Interview
- Cover of the Spring 2024 issue, featuring Rihanna by Nadia Lee Cohen
- Editor in Chief: Mel Ottenberg
- Editorial & Design Director: Richard Turley
- Editor at Large: Christopher Bollen
- Categories: Pop culture
- Frequency: Bimonthly
- Founder: Andy Warhol John Wilcock
- First issue: October 1969
- Company: Crystal Ball Media
- Country: United States
- Based in: New York City
- Website: interviewmagazine.com
- ISSN: 0149-8932

= Interview (magazine) =

American pop culture magazine

Interview is an American magazine founded by Pop artist Andy Warhol and journalist John Wilcock in 1969. Initially launched as a film journal, it became known for its informal, conversational interviews with celebrities, artists, musicians, actors, and other cultural figures, often conducted by other prominent personalities.
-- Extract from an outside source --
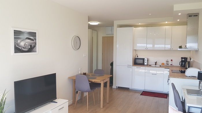 Apartament Mark z balkonem to dwupokojowe, przestronne, komfortowe, słoneczne i w pe??ni wyposażone mieszkanie. Usytuowane w Gdyni Pogórze na zamkniętym osiedlu. Budynek o niskiej zabudowie zlokalizowany w kameralnej części miasta. Okna mieszkania wychodzą na zieloną część osiedla, dzięki czemu w mieszkaniu jest bardzo cicho i nie słychać ulicznego gwaru.

Dubbed "The Crystal Ball of Pop," the magazine played a significant role in documenting and shaping the intersection of art, fashion, film, music, and popular culture. Warhol remained involved with the magazine until his death in 1987.

== Background ==
During the eighteen years that Andy Warhol published Interview, the magazine underwent significant changes in editorial focus, staff, production, format, financing, and distribution. Its title also changed several times: Inter/VIEW: A Monthly Film Journal (1969–1970), INTER/VIEW: Andy Warhol's Film Magazine (1971–1972), Andy Warhol's Interview (1972–1977), Andy Warhol's Interview: The Monthly Glamour Gazette (used intermittently in 1975), and, eventually, simply Interview (from 1977).

Headquartered at Warhol's Factory, the magazine began as a film publication before broadening its focus to popular culture. Warhol described his aim as creating "an easygoing, conversational magazine," adding, "Every other paper is full of bad news, but we publish only good."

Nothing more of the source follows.